Check out the Star Tribune’s second letter to the editor today one of HOME Line’s proposals for how to stop slashing State affordable housing programs.

The letter to the editor and a recent post I made on Kim Skobba’s blog, “Housing Sense,” point out how the mortgage interest deduction is not a well-targeted tax deduction.  It costs state and federal governments billions of dollars and goes mostly to the highest income households.

If you are interested in digging deeper, check out this New York Times piece from a few years back.  It provides a great history of the mortgage interest deduction.  Actually, that particular deduction is the only remaining loophole that once allowed people to deduct any form of interest off their reportable income.

Yep, you used to be able to deduct credit card interest off your state and federal taxes.  In the 1980s, the Feds figured out that that was just encouraging people to increase their debt load.  However, heavy lobbying by the housing industry preserved the interest on home mortgages.

Is that deduction encouraging people to buy more home than they can afford.  Several conservative economists believe so.  However, it is also, quite simply, not a well-targeted tax deduction.  At the title of this blog post says:  we are subsidizing mansions, second homes, and $1 million mortgages.
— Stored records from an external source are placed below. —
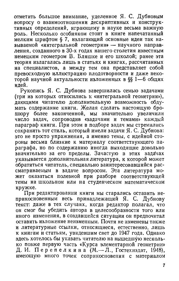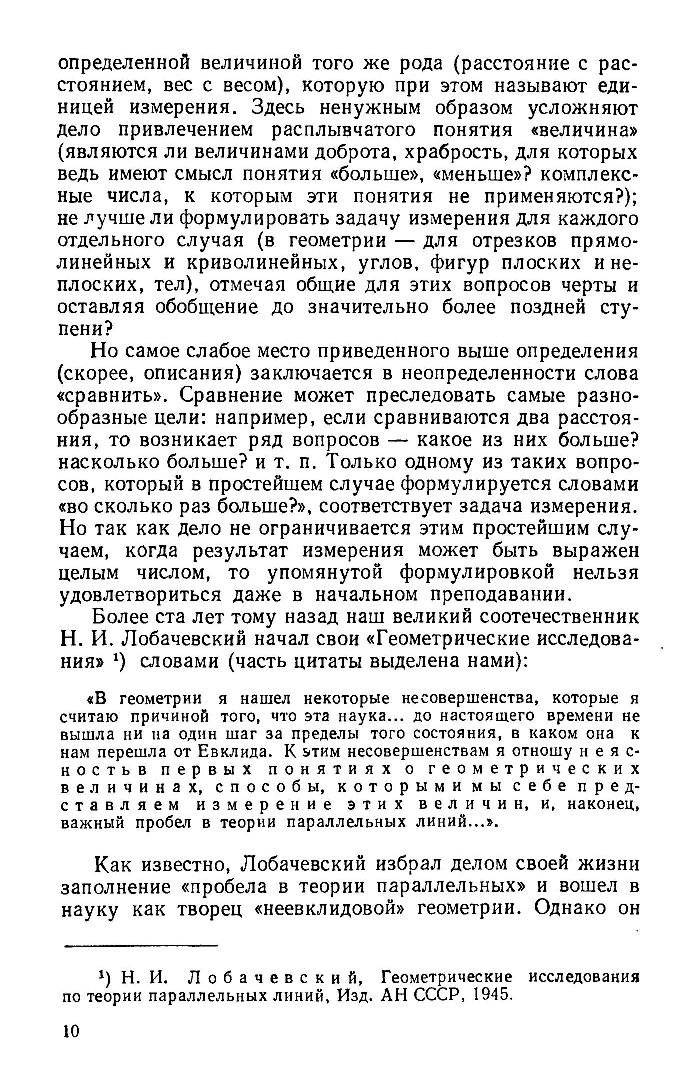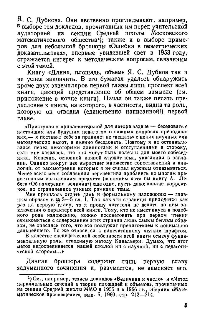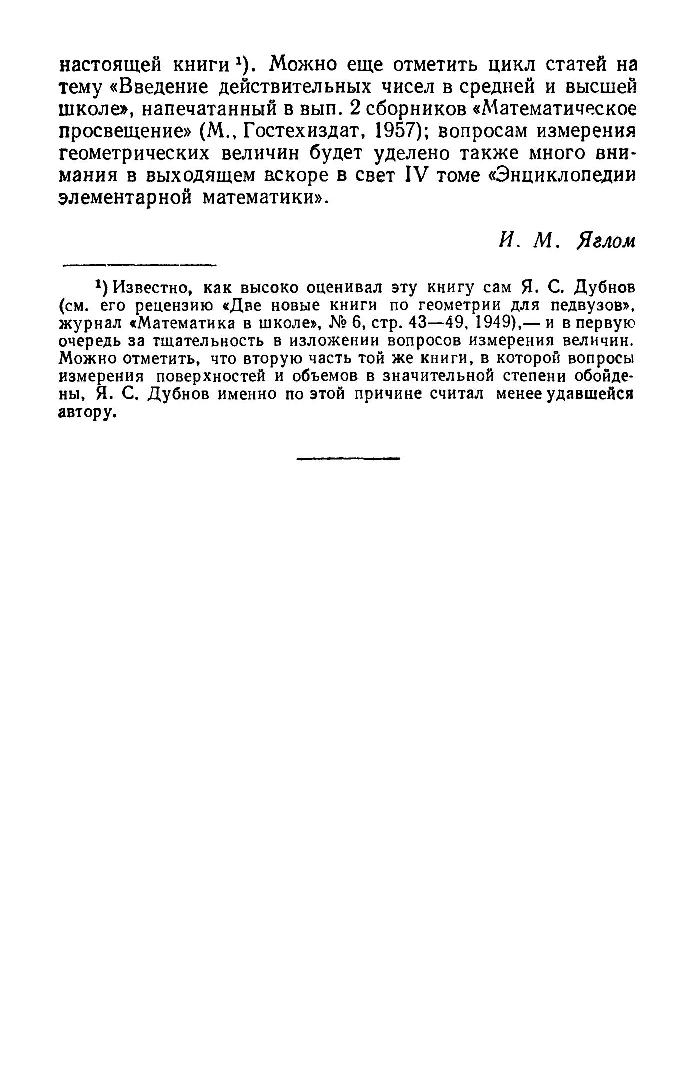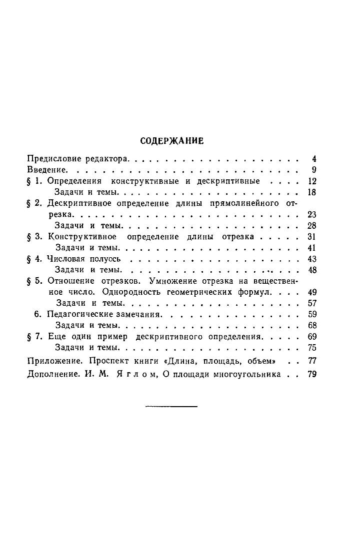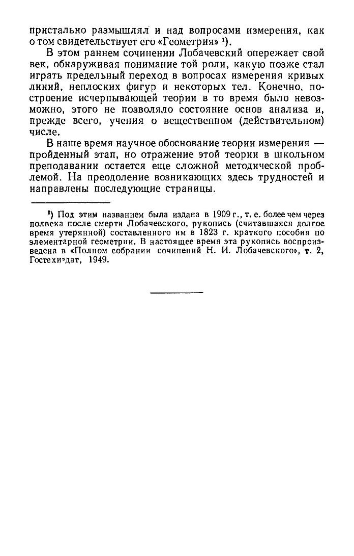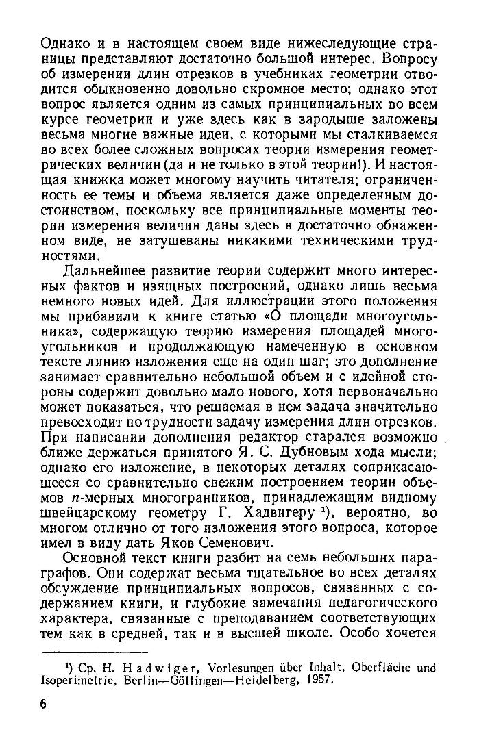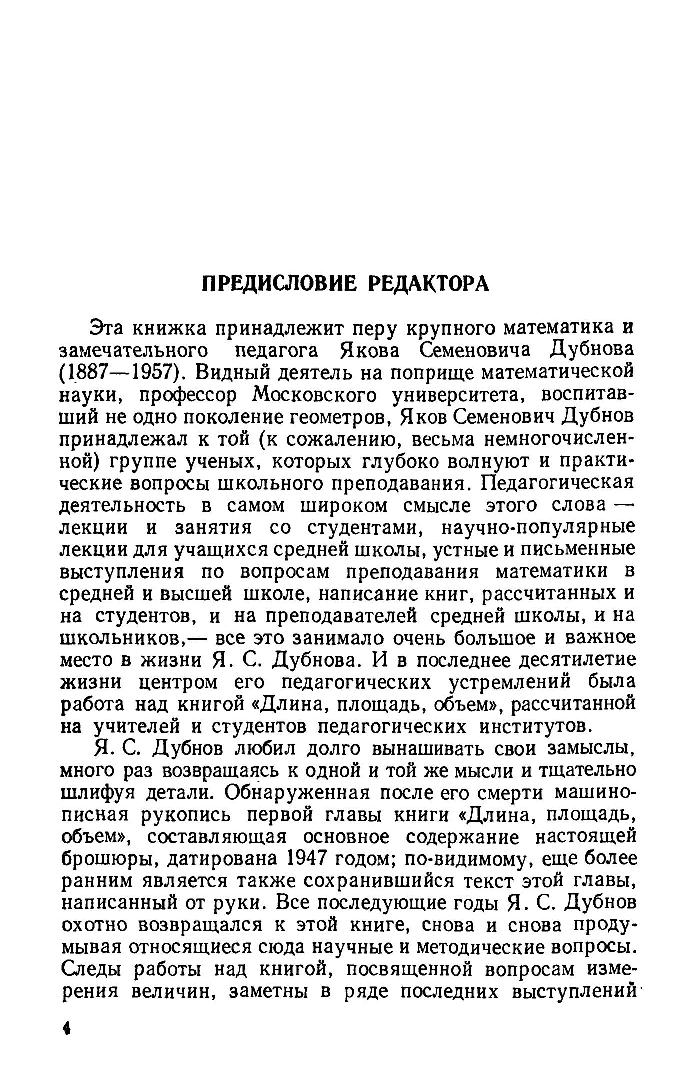 Эта книжка, принадлежащая перу умершего в 1957 г. Я.С. Дубнова, видного советского математика и выдающегося педагога, представляет собой первую часть задуманного им большого сочинения об измерении геометрических величин. Она посвящена вопросу об измерении длин отрезков и имеет совершенно законченный характер Брошюра отличается большой тщательностью и обстоятельностью изложения и в то же время доступностью. Каждый параграф заканчивается «задачами и темами для самостоятельной работы». Краткое дополнение редактора содержит изложение вопросов измерения площадей многоугольников, следующее схеме, принятой Я.С. Дубновым в теории измерения длин отрезков.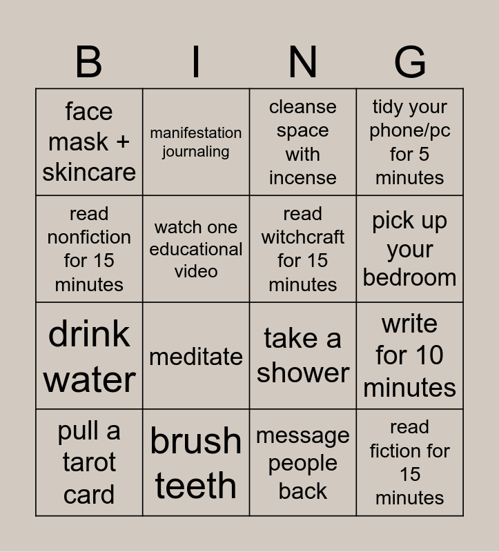 This bingo card has 20 words: write for 10 minutes, workout, cleanse space with incense, fold clothing for 5 minutes, pull a tarot card, read nonfiction for 15 minutes, brush teeth, face mask + skincare, drink water, manifestation journaling, meditate, take a shower, watch one educational video, read fiction for 15 minutes, read witchcraft for 15 minutes, ground yourself outside, pick up your bedroom, tidy your phone/pc for 5 minutes, message people back and do one house chore.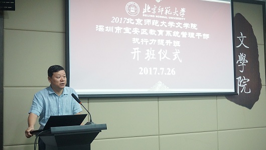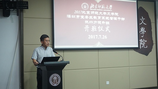 之后,深圳市宝安区教育发展事务中心温福华主任代表学员感谢深圳市宝安区教育局、北师大文学院给予本次培训的大力支持。此次外出培训机会宝贵,学员们一定要珍惜培训机会,一要认真聆听大师学者们的讲座,二是在座的各位学员要多多交流,三要好好感受首都和北师大的人文气息,相信此行一定会学有所获。北京师范大学文学院发展合作中心执行主任向飞对此次研修期间的培训具体安排进行了补充。
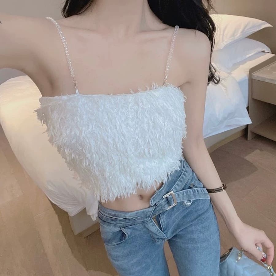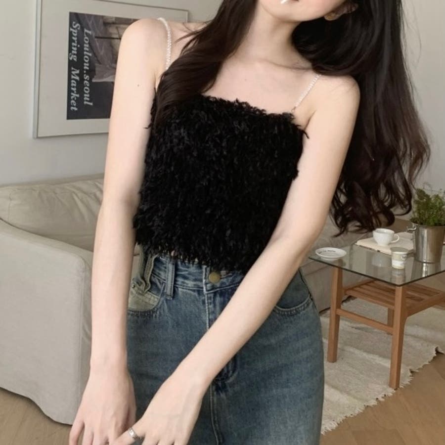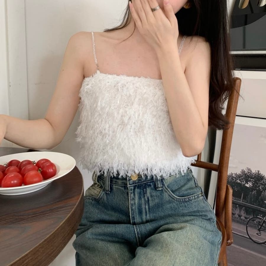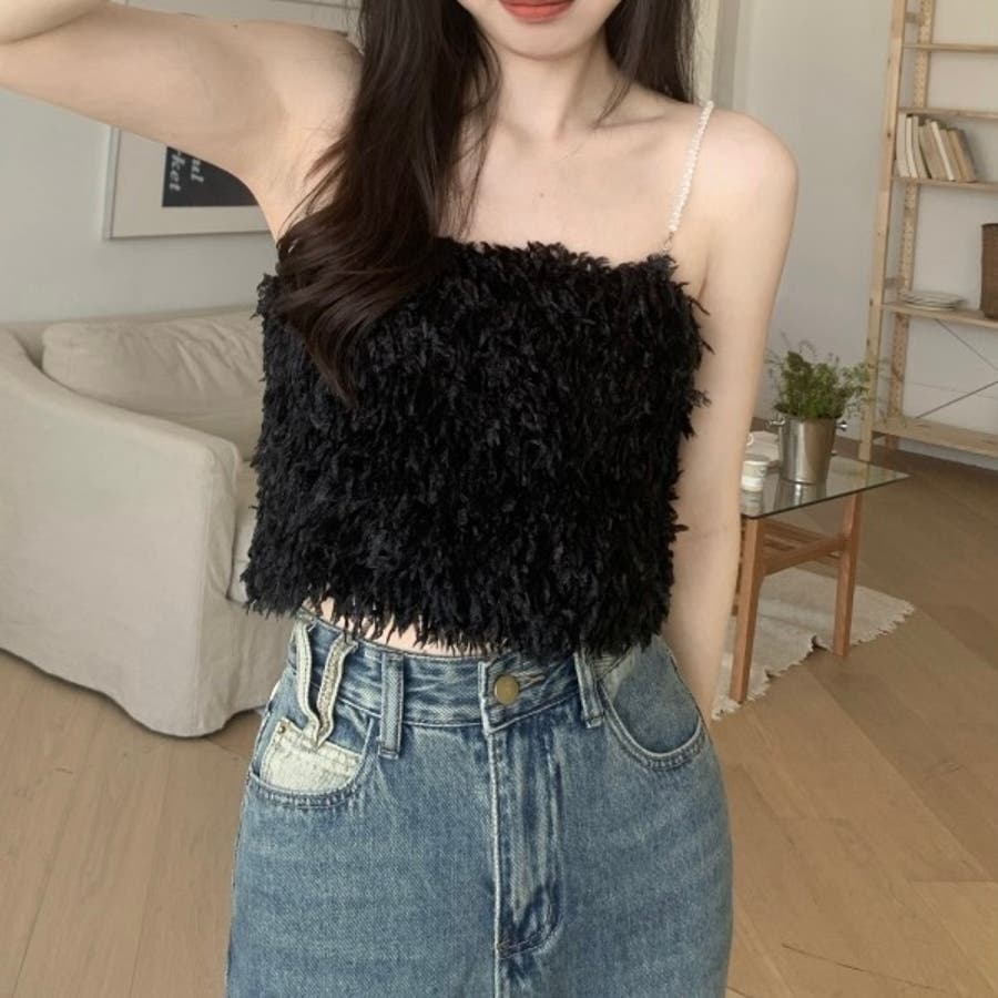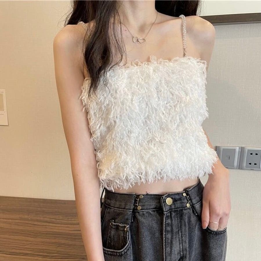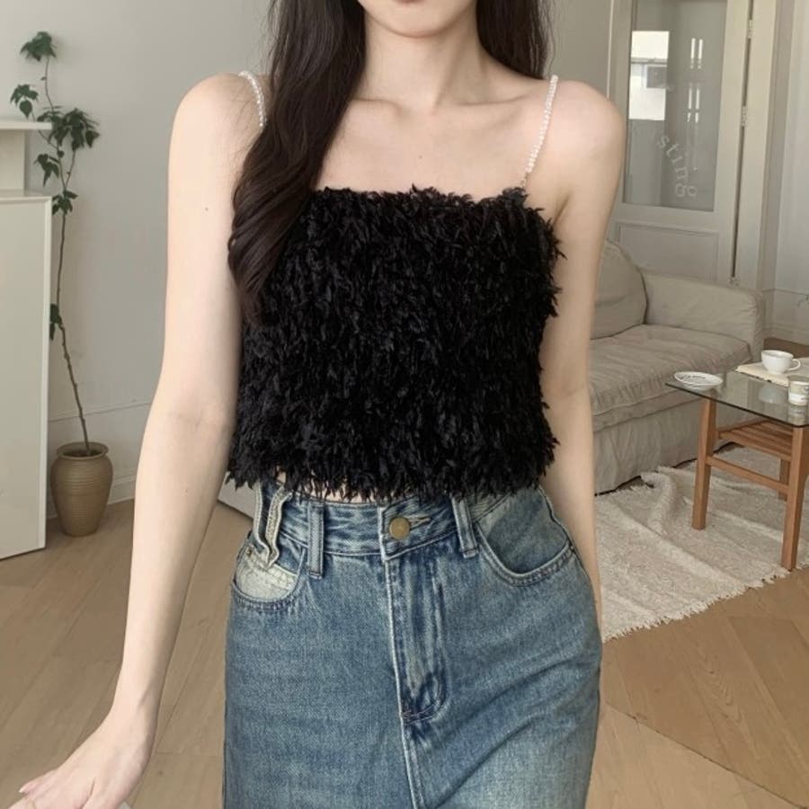 大人 カジュアル きれいめ 韓国ファッション 韓国コーデ Y2K キャミソール ベアトップ ふわふわ シャギー オフィスカジュアル 春服 夏服 秋服 10代 20代 30代 40代 春 夏 秋

Here’s a note from one of our blog-followers: Thanks for taking on the sacred mortgage deduction. Limiting the deduction would be a good policy move anytime, but especially at a time when there is no money to fund the basic services. Some may argue that eliminating the mortgage interest deduction would be bad for homeownership. Still, as you point out, the interest paid on credit cards used to be deductible. Removing the deduction did not hurt the industry.